Оценить:
 Рейтинг: 4.67

Добровольцем в штрафбат

Год написания книги
2017
<< 1 2 3 4 5 6 ... 11 >>
На страницу:
2 из 11
Настройки чтения
Размер шрифта
Высота строк
Поля
– Я к товарищу пойду, к Максиму, – неловко сказал Фёдор, чтобы хоть что-то сказать, не в молчании разминуться с отцом. – Там, в курятнике…Танька сказывала. Так я потом, завтра.

– Не горит, – согласился отец.

Свету в сенях скудновато: из оконца над выходной дверью, но Фёдор обострённо различал отца. Худое, с узкими скулами лицо, подпалённое новым загаром, обвислые серые усы и щетина на щеках; на лбу вдоль морщин заметен кольцевой намятый след от фуражки. Светлая рубаха на груди отемнело-сырая: видать, отец пил из ведра у колодца и облился невзначай. Сапоги с прилипшими опилками и стружечной трухой в дорожной пыли. Движения у отца замедленные, сугорбленная усталость в походке, изнурённый наклон головы. «Намудохался батя», – подумал Фёдор и застыдился своей гуляночной начищенности и духа одеколона. Поспешил уйти из сеней, кончить встречу.

Но всё же, прежде чем выйти на крыльцо, обернулся, – ещё раз взглянул на отца: что-то изнутри колыхнуло Фёдора, какой-то таинственный скорбный позыв задержал. В тот самый момент и Егор Николаевич оборотился к сыну и, казалось, хотел что-то сказать, в чём-то предупредить или что-то от него услышать. Этот выжидательный, немного растерянный и податливый взгляд отца, его мокрую на переду рубаху, сапоги в пыли и опилках и руку, нащупывающую на двери скобку, Фёдор втиснет в память навсегда.

II

Выйдя за калитку, Фёдор остановился посреди улицы. Поверх крыш домов посмотрел на синюю луковку церковного купола, на крест, сияющий в закатном огне солнца.

«С другим завлекается… – ядовитое сообщение Таньки засело в мозгу, точно пчелиное жало. – Опять, значит, приехал. Видать, соскучился… В пальте, в галстуке форсит…»

Церковная колокольня зияла пустым поруганным оком. Несколько лет назад колокол сволокли на толстых канатах с законного места, увезли на переплавку для пользы новой обезбоженной власти; покушались и на весь храм Господень, даже рассчитали, сколько уйдет взрывчатки, чтоб обратить его в руины, но отступились – оставив единственный приход на большую округу. Без долгой ремонтной подправки худилась, темнела ржавыми плешинами церковная крыша; облезла местами синяя обшивка купола; кое-где пообсыпалась белая, некогда нарядная штукатурка; откололись лепные столбики оконных наличников, обнажив бурую кирпичную кладку. Но всё же храм, капитально поставленный богомольными предками, ещё знатно стоял посреди села, как древний бастион неискоренимого Православия, возвышая над купольной сферой свое знамение – крест с ажурными завитками.

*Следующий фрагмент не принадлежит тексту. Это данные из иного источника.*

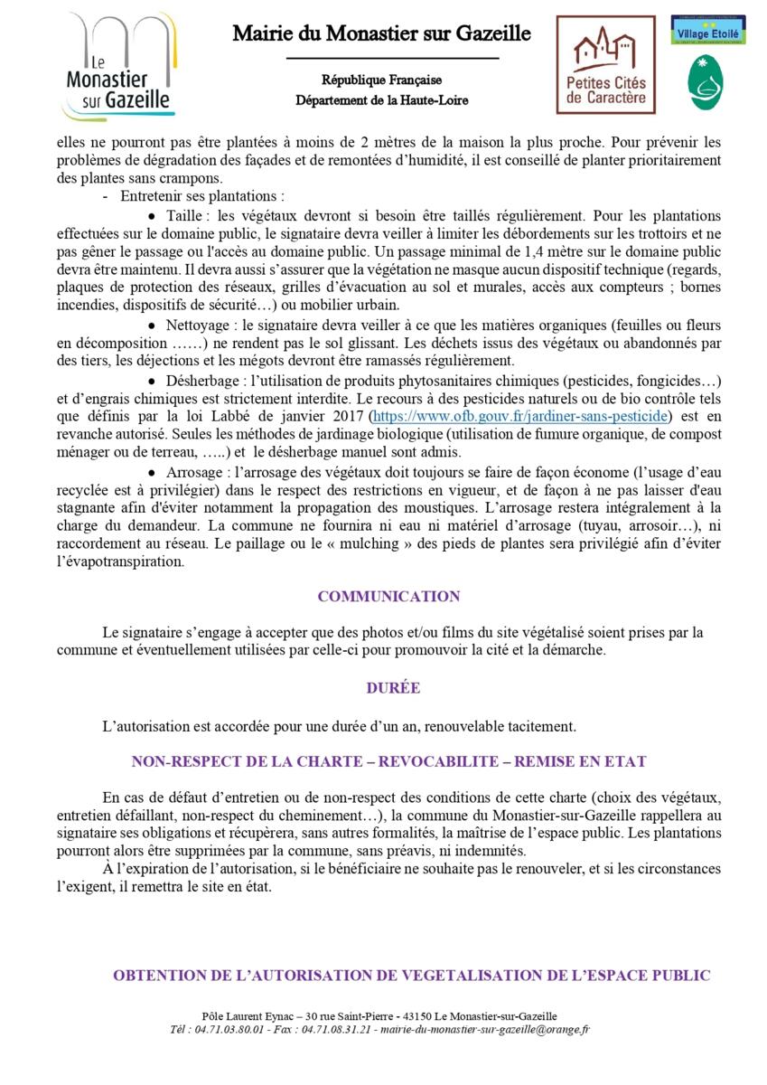 Pour accompagner les personnes intéressées et encadrer les travaux de végétalisation entrepris dans le respecter des règles d'urbanisme en vigueur, une charte de végétalisation a été éditée.

В центре же села, фасадом к церковным воротам, через небольшую площадь, утвердился свежерубленный двухэтажный домина под железной, суриком окрашенной кровлей – сельсовет и правление колхоза, – местная полномочная цитадель. На коньке, на долгом толстом шесте закреплено большое кумачовое полотнище. Сейчас, в безветрии, флаг смотрелся вытянутым красным чулком, и казалось, величавый златозарный крест слегка насмехается над его тряпочной фактурой, хотя тот и олицетворяет немилосердную власть. Но когда поднимался ветер, особенно пред грозою, когда трепетало поле и пошатывался лес, когда оперенье деревьев шумело и задиралось матовой изнаночной стороной, словно на бабе платье, тогда полотно на длинном флагштоке привольно расправляло кумачовое пролетарское тело, хлестало направо-налево воздух, рвалось вперёд, распарывало собой встречь летящее небо и будто бы затмевало пасмурный допотопный крест…

По дороге, между церковью и сельсоветом, идти бы сейчас Фёдору на вечёрку, но он постоял в раздумье и отвернулся и от флага, и от креста. «Городской-то гость зачастил. Ох, зачастил!» – мстительно подумал Фёдор, обжигаясь внутри себя обо что-то калёное, горячее огня. И быстро зашагал по улице на сельскую окраину.

Нынешний май уже разукрасила сирень. Наравне с плодоносящими сёстрами – рябиной да черёмухой, сирень в Раменском в необходимом почётном присутствии. Почти у каждого дома – тонкостволое невысокое деревце, на котором закудрявились, распушились средь ярко-зеленой листвы молочно-фиолетовые гроздья. Изобилье сирени в Раменском! Но только в одном палисаднике росла сирень белая, – редкая для здешних мест. Словно кипень, вздулась она искристой белизной, по зелёному тону ветвей пустила кудри из бесчисленных благоуханных соцветий. Эта сирень росла у дома Ольги.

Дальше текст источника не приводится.